One of my colleague outsourced the data analysis and they followed below method in finding differential expression analysis
First they did, denovo assembly of controlA, controlB, treatedA and treated B separtely. Assembled transcripts from all the samples were iteratively clustered to produce uni-transcripts with fewest redudant sequence (they did not mention how they clustered to produce uni-transcripts). Then pre-processed reads were then mapped to the uni-transcripts to carry out the expression analysis and differential expression analysis using tophat-cufflinks.

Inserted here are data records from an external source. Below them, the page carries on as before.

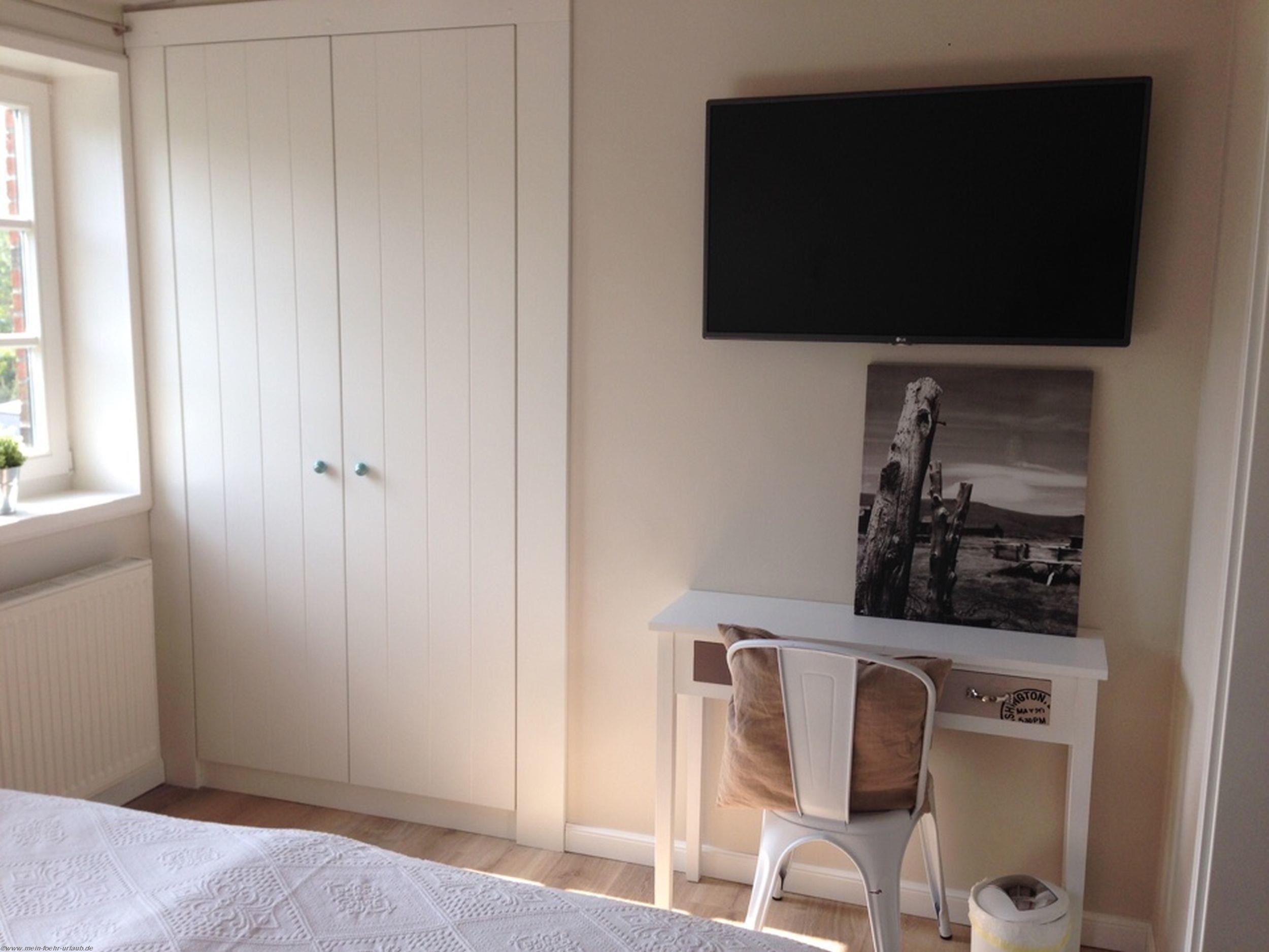 Die windgeschützte Südterrasse ist mit schönen Gartenmöbeln ausgestattet, außerdem stehen den Gästen zwei bequeme Gartenliegen zur Verfügung. Es gibt zwei moderne Duschbäder mit WC, im oberen Bad befindet sich eine Waschmaschine. Die beiden Schlafzimmer sind mit viel Liebe zum Detail eingerichtet, ein Zimmer mit Doppelbett und TV-Gerät, das andere hat zwei gemütliche Einzelbetten , eins davon mit einem zusätzlichen Ausziehbett. Somit ergeben sich 5 reelle Schlafplätze. Zur weiteren Ausstattung gehören Fön, Bügeleisen/Brett Wäscheständer, Hundenäpfe, Reinigungsgeräte inklusive eine Auswahl an Grundreinigungsmitteln, sowie Hochstuhl und Kinderbett bei Bedarf. Parkplätze befinden sich vor dem Haus.
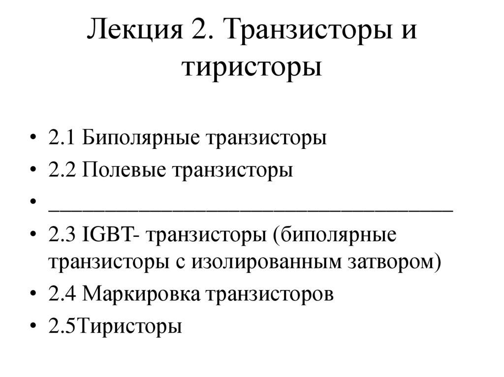• 2.1 Биполярные транзисторы• 2.2 Полевые транзисторы
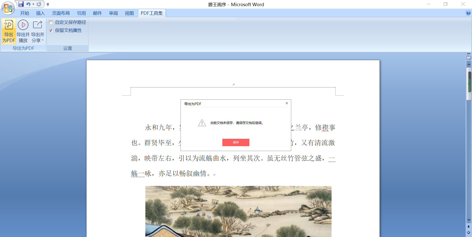 4、此时会提示“文档未保存,请保存文档后继续”,直接点击保存即可。
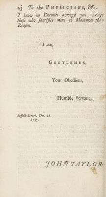 A new treatise on the diseases of the chrystalline humour of a human eye: or, of the cataract and glaucoma. With a new a theory of their causes, and an endeavour to demonstrate that there are no membranous cataracts; but that all cataracts are from an alteration of the chrystalline humour itself. With an exact description of a new and more successful method of making the operations necessary to the removal of the several species of these diseases. Humbly address'd to Her Majesty. To which is prefix'd, a Letter to the Physicians and Surgeons of London and Westminster ... / by John Taylor.
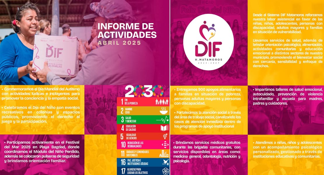 H. Matamoros, Tamaulipas.- El Gobierno de Matamoros, que encabeza Beto Granados, informó que el Sistema DIF Matamoros intensificó su trabajo en abril para beneficiar a quienes más lo necesitan. Durante este mes, se acercaron servicios esenciales a niñas, niños, adolescentes, personas con discapacidad, adultos mayores y familias en situación de vulnerabilidad. A través de brigadas y talleres, se promovió el bienestar integral de la comunidad, con un enfoque humano y sensible. Los servicios incluyeron atención médica, orientación emocional y apoyos alimentarios, entre otros. Estas acciones buscan mejorar la calidad de…
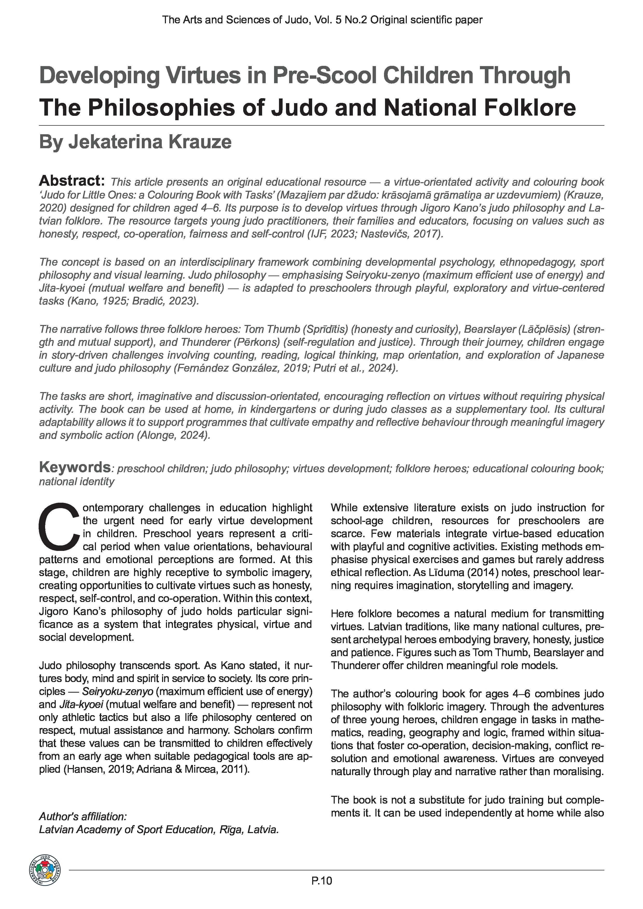 Table of content Analysis of Kata Scoring and Performance Patterns at the Elite Level in Judo Developing Virtues in Pre-Scool Children Through the Philosophies of Judo and National Folklore Analysis of Work Performance of International Referees in Judo The Biomechanics of Tori’s Movement During Competition Sutemi, Makikomi and Tai Atari Free to Perform: A New Paradigm to Optimise Sport Performance The Influence of Refereeing Rules, Techniques and Tactics on Judo Fighting Styles: A Narrative Review Speciality Judo Training of Deaf Judoka (Kata) From Kata to Chaos: The Rise of Randori in Kitō-ryū Jūjutsu and Beyond
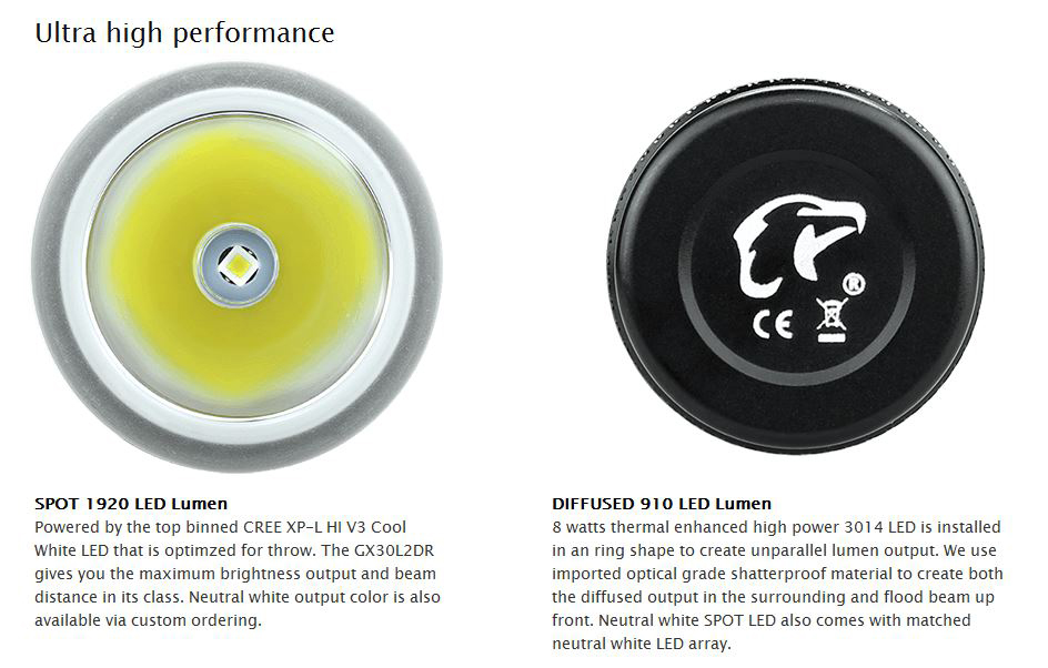 Here comes the groundbreaking LEO / professional flashlight that offers spot and diffused output in one LED flashlight. GX30L2DR offers new LED and driver for the highest output and beam distance in its class. It also features upgraded high capacity li-ion battery pack and new fast charging system. The all-new innovative two buttons control that allows user to conveniently opreate the light with one-hand only.
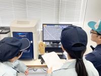 液体にどんな元素が含まれているか、どれくらいの濃度で含まれているかなどを機械を使って調べます。
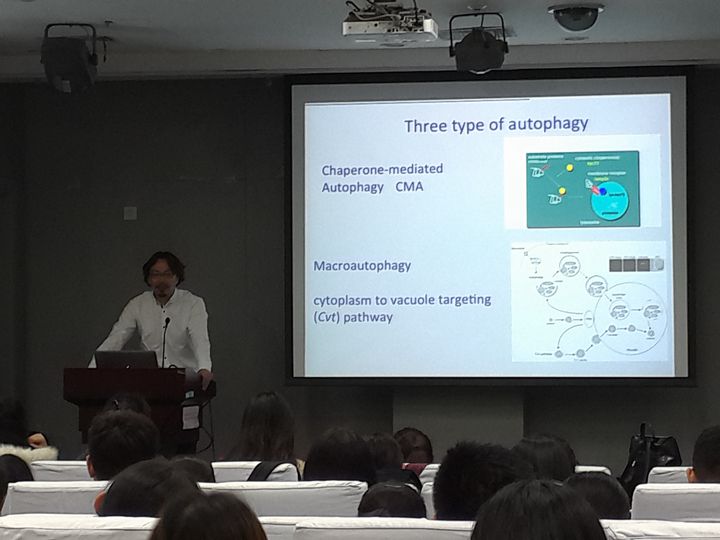 2016年11月3日16时,由中国细胞生物学会、天津市细胞生物学学会、南开大学科协主办的“高端科普”活动――解读诺贝尔奖 “细胞自噬”科普活动在外围买球app十大平台官网生物站一楼报告厅举行。来自清华大学的俞立教授给在座听众带来了一场主题为“细胞自噬”的报告,众多老师和学生前来学习,座无虚席。
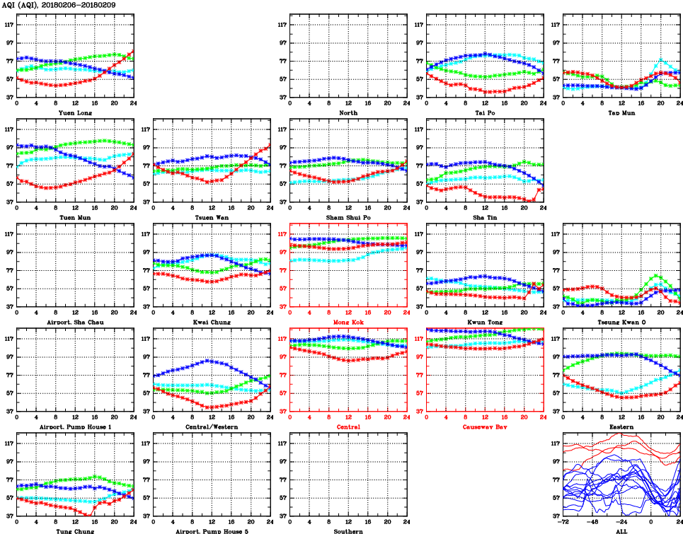 | Air Quality Data Time Series for AQI (2018/02/09) | ( Line colors: Day -3 Day -2 Day -1 Current day ) | 2D Map Current AQHI |

they followed -clustering parameters
- minimum identity for overlaps: 96%
- minimum overlap length: 50bp
- maximum length of unmatched overhangs: 50bp
they followed -uni-transcipt is considered differentially expressed if fold change > or equal to 4 and q-value less than 0.05
expression detected only in one sample condition and qvalue less than 0.05
From my experience, I usually do denovo assemble all the samples (control A, Control B, treatedA and treated B) as one reference transcript assembly. Then I do read map each sample (controlA, controlB and treated A and treated B) and get for each sampe FPKM values. Then do differential expression analysis taking all read mapped ones in any one of differential expression software (edgeR, deseq).
Do you think my colleague outsourced method is correct? If it is correct, why they want to do clustering?
On a small side note, when you only have 2 samples in each group, I would be very vary of any findings you make. The statistical power of such a sample size is simply too low to make any decent conclusions.